» **TASK PROMPT**
All lines in the records below from the line with "1月21日晚间,美股三大指数" through the line with "- Exclusive Lid-Friendly" are to be given again exactly, both ends included; the pictures are to be left out.

» **DATASET**

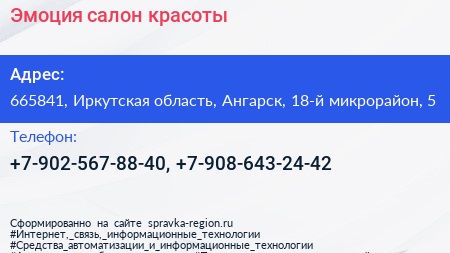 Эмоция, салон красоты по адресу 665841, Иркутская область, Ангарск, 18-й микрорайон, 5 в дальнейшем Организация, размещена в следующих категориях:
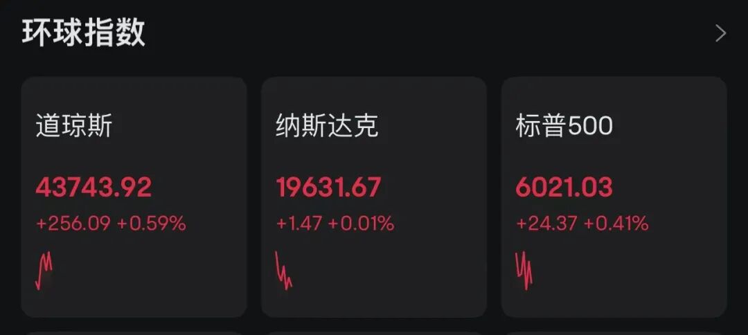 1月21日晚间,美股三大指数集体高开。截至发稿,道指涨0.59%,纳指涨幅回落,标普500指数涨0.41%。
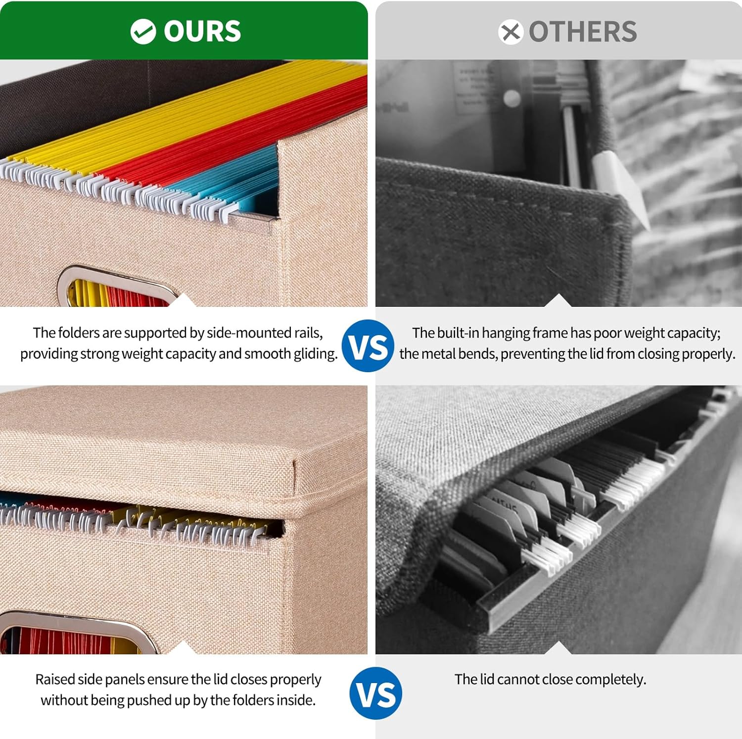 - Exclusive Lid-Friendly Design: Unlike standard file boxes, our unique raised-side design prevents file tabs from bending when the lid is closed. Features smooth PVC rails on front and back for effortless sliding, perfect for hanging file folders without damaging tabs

...

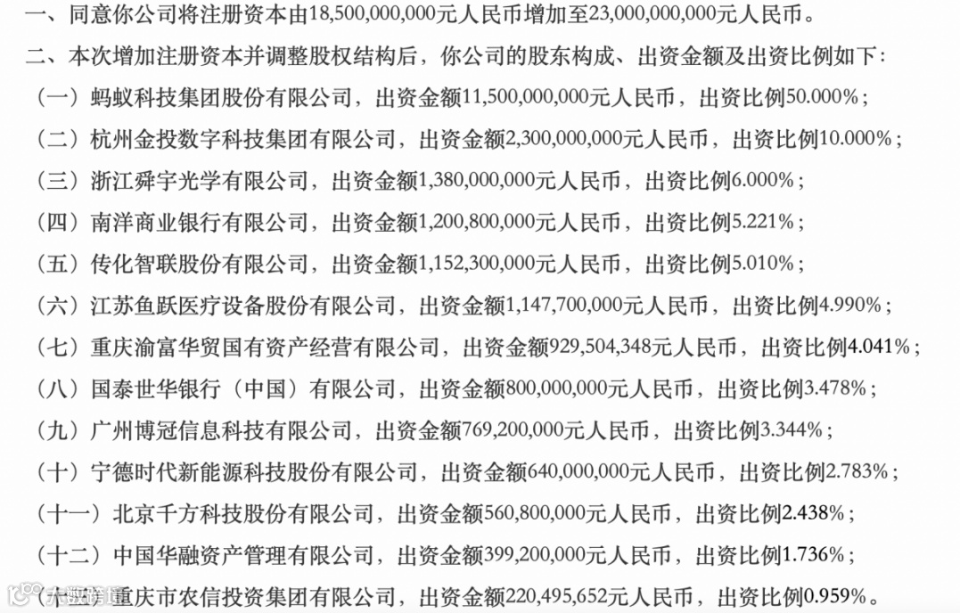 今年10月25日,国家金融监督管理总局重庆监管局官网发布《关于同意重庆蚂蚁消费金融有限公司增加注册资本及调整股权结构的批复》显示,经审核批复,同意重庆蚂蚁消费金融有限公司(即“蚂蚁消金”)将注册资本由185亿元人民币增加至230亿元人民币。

» **RESPONSE**
 1月21日晚间,美股三大指数集体高开。截至发稿,道指涨0.59%,纳指涨幅回落,标普500指数涨0.41%。
 - Exclusive Lid-Friendly Design: Unlike standard file boxes, our unique raised-side design prevents file tabs from bending when the lid is closed. Features smooth PVC rails on front and back for effortless sliding, perfect for hanging file folders without damaging tabs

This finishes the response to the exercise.